# Lead acid batteries in the cold?



## joseph3354 (Apr 2, 2008)

they have to be warm all the time,i have read that people are using waterbed heaters for this purpose.not sure of the safety or effectiveness of that.batteries will lose some capacity even at 50f.not much but may be noticable in an ev.they will warm up in driving because of the draw on them.


----------



## MrCrabs (Mar 7, 2008)

I have read that lead acid batteries like temperatures that humans like (as a generalization).
I am not sure of the exact reason why they lose capacity when it gets cold, but I do know the water in them can freeze at a certain point, It which case I don't think they would be able to produce electricity.

I am in Buffalo, so am planning on how to deal with the cold. I am thinking I will build insulated battery boxes, and line the boxes with Battery Blankets. http://www.google.com/products?hl=en&q=battery+blanket&um=1&ie=UTF-8

The idea is to use turn the blankets on when plugged into AC power, to warm up the batteries if necessary before charging.
I would also like to have some sort of timer, so that the blankets turn on 1 hr or so before my normal commute so I have full capacity when I leave the house.

During the day, hopefully the insulation will be enough to keep the batteries warm/above freezing.

A fully charged flooded PbA will freeze around -20 F, if it is fully charged but the temp is 30 F then it will act like its 50% DOD (voltage and current will be lower as if it was half way discharged)

Search for "Batteries in the passenger compartment?" in the EVDL forum section, or the EVDL archives, this came up on 4/29


----------



## JRP3 (Mar 7, 2008)

Batteries are a chemical reaction, and chemical reactions slow down in the cold, hence the reduced capacity.
To get around the freezing problem, as well as to get improved performance and battery life, I'm using Odyssey AGM batteries. More expensive than flooded of course, but if they last as promised they will make that up with longevity.


----------



## tazdotnet (Apr 9, 2008)

ok to explain why batteries lose power in the cold you have to understand that heat is a form of energey and cold is a lack of energy... energy will try to get to where there is less energy... the loss is slower due to the insulation, but, the insulation can only do so much... and yes the energy is caused by chemical reactions and the molecules have a harder time finding each other as they get colder because while in any form the molecules bounce around and as they get colder they have less energy to bounce around... so they cannot go as far... this explains why materials shrink in the cold and expand when they get warm, the exception is water, but, that is a different disscusion...

when a substance gets warm enough it will change forms (water turning to water vapor) this helps to explain some of the gasses released by the batteries, some of the heat that causes this effect is created by the batteries being used (chemical reactions cause heat as well as electrical current...
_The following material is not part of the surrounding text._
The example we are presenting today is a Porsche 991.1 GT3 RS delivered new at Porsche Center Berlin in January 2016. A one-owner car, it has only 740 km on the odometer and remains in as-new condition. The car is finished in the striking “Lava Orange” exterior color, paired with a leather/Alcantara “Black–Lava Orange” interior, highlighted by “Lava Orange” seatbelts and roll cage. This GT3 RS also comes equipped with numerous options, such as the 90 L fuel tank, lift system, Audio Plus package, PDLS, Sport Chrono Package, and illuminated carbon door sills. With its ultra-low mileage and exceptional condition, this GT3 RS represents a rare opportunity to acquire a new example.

there are some things i have simplified for length, but, i hope this helps someone to understand a little about the reason that cold drains the batteries... a chemist could explain in more detail and answer questions better than me...


----------



## Uncle Joseph (May 7, 2008)

I too am struggling with this problem in my design. I remember back in the early 90's when I was at college at Michigan Tech. My old chevy caprice would sit for a week or two in the sub-zero temps between drives. I had an Exide Ice Breaker starting battery with 1000CCA and it barely had enough juice left to crank the engine over 3-5 times. Fortunately, that was enough to start the engine. But since we're not using the same battery tech in EVs, I'm not sure what I need to do.
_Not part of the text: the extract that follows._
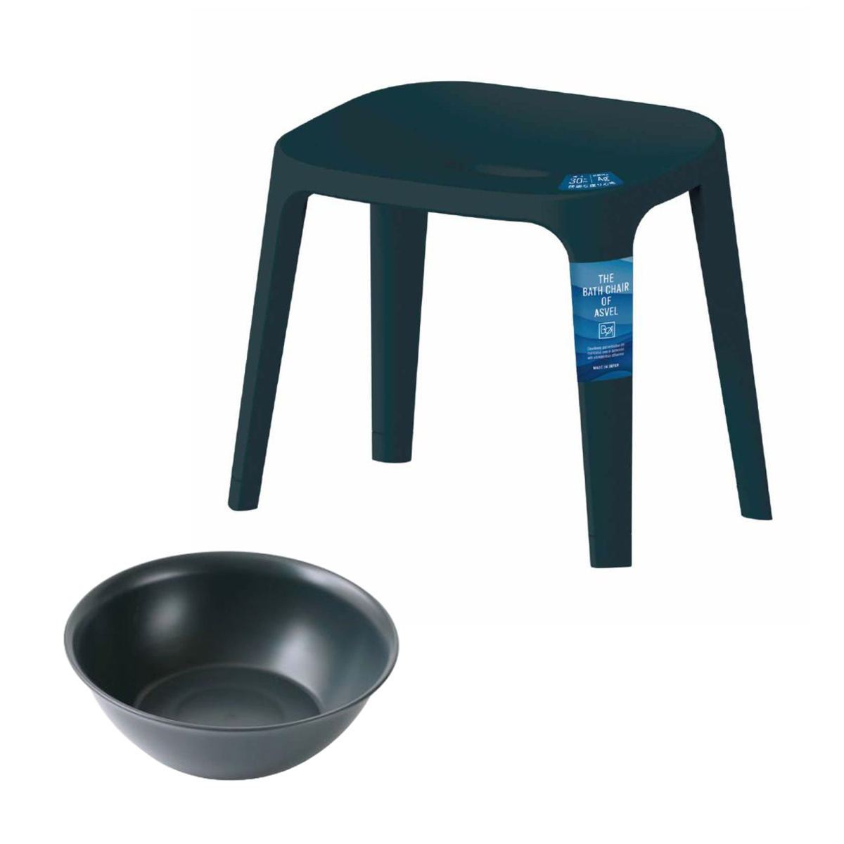 風呂椅子 座面高30cm 湯桶 2点セット バスチェアEX ( 風呂いす バスチェア お風呂 腰掛け 座面高30 風呂桶 湯おけ 風呂イス 椅子 4本脚 高さ30cm すべり止め ブラック ホワイト ベージュ グレー ) 【ブラック】

Part of my problem is my work commute. I'll be parking my EV outside for 10-12+ hours after arriving at work, with no supplemental electricity going to the car. My normal commute is only about 12 miles one-way. However, I don't think I'll have enough juice at the end of a 12-hour zero Fahrenheit (or lower) cold-soak to get home.
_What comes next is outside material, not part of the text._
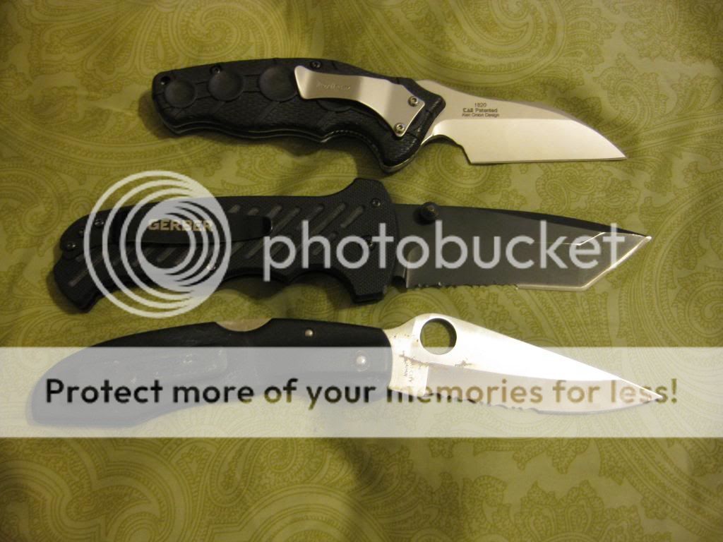 2. Gerber 06 FAST - Got this as a gift a while back from a co-worker, and I've since carried, used, and sharpened it. Before I got it, he told me he grinded off the protruding window breaker object at the end of the handle because it often stabbed and scratched him. It could use a little sandpaper to smooth it out, no big job. Great for a hard-user. Blade flies out as well!

Resistance heaters can draw huge current loads. I'm wondering if there's a a fairly efficient way to keep the battery pack at a modest 50-60 degrees for the 12-hour down time, while maintaining enough charge to get me home.

It's my understanding that even Li-Ion batteries have cold temperature problems.


----------



## joseph3354 (Apr 2, 2008)

lifepo batteries do have problems with cold temperature,they don't like to charge in below freezing.you just have to warm them to above freezing temp to charge.they do lose some capacity in the cold as well,but it is minimal.according to manufacturers at -20f they will maintain at least 80 percent capacity.


----------



## JRP3 (Mar 7, 2008)

I wonder if you start out with a warm pack in the morning how long would it take to drop to ambient temperature? You certainly have a LOT of thermal mass sitting there and an insulated enclosure might just keep it above freezing for many hours.


----------



## grose (Apr 30, 2008)

I would recommend constructing an insulated box that encloses the batteries. If you don't have access to a plug to run battery blankets your only other option is to use chemical heat. Trusty hand/foot warmers. You'll need at least 2-3 per day. The chemical reaction of those warmers will run the duration of your work time.

I got this idea from the way my saltwater fish are delivered. (Saltwater fish must be kept above 70F constantly.) In the height of winter, they safely make it from Florida to my home in Wisconsin. They are packaged in a Styrofoam container with a chemical hand warmer or two. Works great. I open it up and they are still warm. I bet this method would work just the same for PbA batteries. This is probably something I'll try this winter.


----------



## tazdotnet (Apr 9, 2008)

when my 1984 caprice was brand new it had an engine block heater that could be plugged into an extention cord to make the car easier to start in the cold, it might be possible to modify one of these to warm the batteries storage area... they already run off of the current from the house so modifiying it to work shouldn't be too hard... there is probably a better solution out there, but, i wouldn't know... i don't know what the heater looked like as it was removed by the previous owner of the car because he could not get the exact model to replace it... but then again he also had the tires replaced and ended up with 3 tires of one size and one of a smaller size and no spare!... on the other hand the car ran pretty good and the interior is clean and all original when i got it for free...


----------



## Manntis (May 22, 2008)

Lead Acid batteries are highly problematic with Canadian winters. Many LA batteries have liquid electrolyte which freezes when exposed to about -20°C. On my winter beater gas powered car I, like most Saskatchewan residents, have a plug-in battery blanket that warms the starter battery while the car is parked; engine heat keeps it warm while driving.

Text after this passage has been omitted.